A radio station in Providence went through a format change in 2002-2003 and played a record on a loop for a week or two (maybe longer). I have been trying to find out what band that was. It wasn’t anyone popular or mainstream that I could tell. I’ve been investigating this for 20 yrs with no luck

Kevin
 
Are you talking about WBOT/Brockton (today WZRM)? In December 1999, the station continuously looped Tone Loc's "Wild Thing." Finally, Hot 97.7 debuted on that signal. It had a rhythmic format and attempted to challenge Jam'n 94.5.
 
Are you talking about WBOT/Brockton (today WZRM)? In December 1999, the station continuously looped Tone Loc's "Wild Thing." Finally, Hot 97.7 debuted on that signal. It had a rhythmic format and attempted to challenge Jam'n 94.5.
Was that the transition from country WCAV or was there another call or format on 97.7 right before WBOT's stunt and debut?
 
Was that the transition from country WCAV or was there another call or format on 97.7 right before WBOT's stunt and debut?
It was the transition from WCAV. Radio One had just purchased the station and was flipping it. WCAV had run a satellite country format for years.
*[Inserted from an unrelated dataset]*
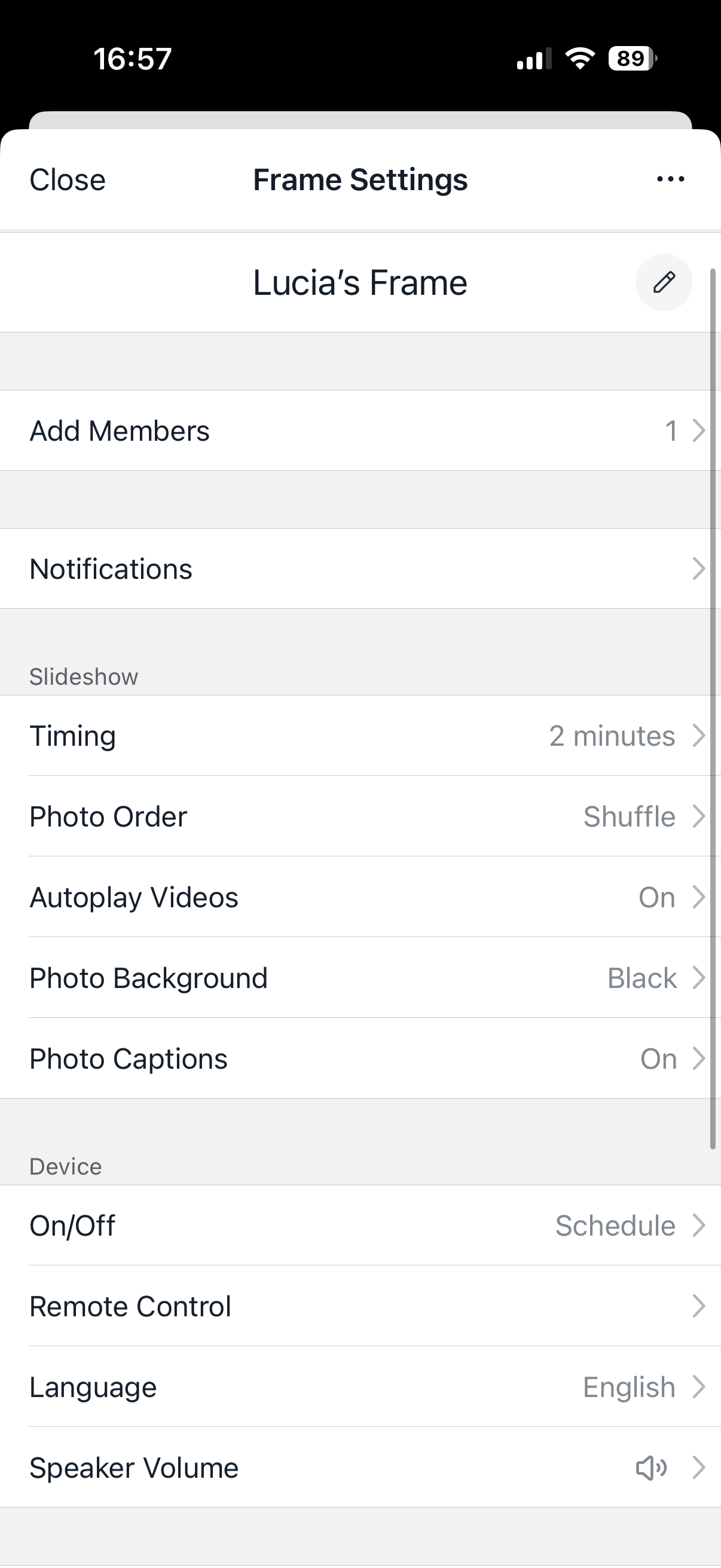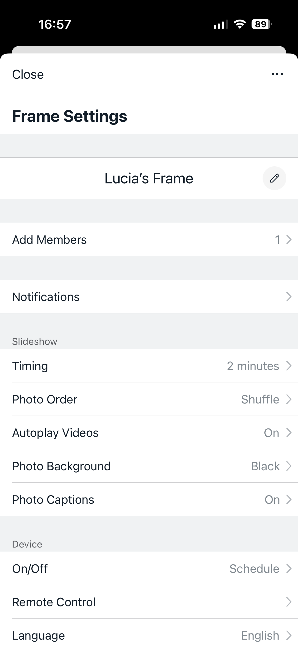 Aplikace zároveň nabízí poměrně široké možnosti přizpůsobení. Lze nastavit rychlost slideshow, způsob ořezu fotografií, preferenci orientace snímků nebo chování rámu během dne a noci. Samozřejmostí je automatická regulace jasu podle okolního světla, díky které rám ve večerních hodinách nepůsobí rušivě a v noci se může zcela vypnout. Zajímavou funkcí je také možnost pozvat další uživatele, kteří mohou do rámu přidávat své fotografie na dálku, což se hodí například při sdílení rodinných momentů mezi více domácnostmi. Z technického hlediska je Walden 15″ Ink Mat navržen velmi střídmě, ale funkčně. Rám je neustále připojený k internetu, automaticky se aktualizuje a nevyžaduje žádnou údržbu. Podporována jsou také krátká videa, která se mohou zobrazovat v rámci slideshow, i když hlavní důraz zůstává logicky na statických fotografiích. Celé řešení působí stabilně a promyšleně, bez nutnosti cokoli řešit manuálně.

At one point, it was the only country station in the Boston area (before 96.9 or 105.7 went country in the '90s).
 
This may not be it, but around that time, 102.3 in Stonington, CT had been mainstream rock "Rock 102", but then shifted to a more classic rock format as "XL102." I think this was when they changed call letters to WXLM. At the time of the change, they played Bachman-Turner Overdrive's "You Ain't Seen Nothin' Yet" on a continuous loop for at least a day or two, if I recall correctly.

Jacko
 
This may not be it, but around that time, 102.3 in Stonington, CT had been mainstream rock "Rock 102", but then shifted to a more classic rock format as "XL102." I think this was when they changed call letters to WXLM. At the time of the change, they played Bachman-Turner Overdrive's "You Ain't Seen Nothin' Yet" on a continuous loop for at least a day or two, if I recall correctly.

Jacko
When 102.3 was Rock 102, that must have been confusing for listeners who could pick up Springfield's WAQY, which also called itself "Rock 102."
 
When 102.3 was Rock 102, that must have been confusing for listeners who could pick up Springfield's WAQY, which also called itself "Rock 102."
I think it was an issue. That's when they shifted to a more classic rock playlist and started calling themselves XL 102.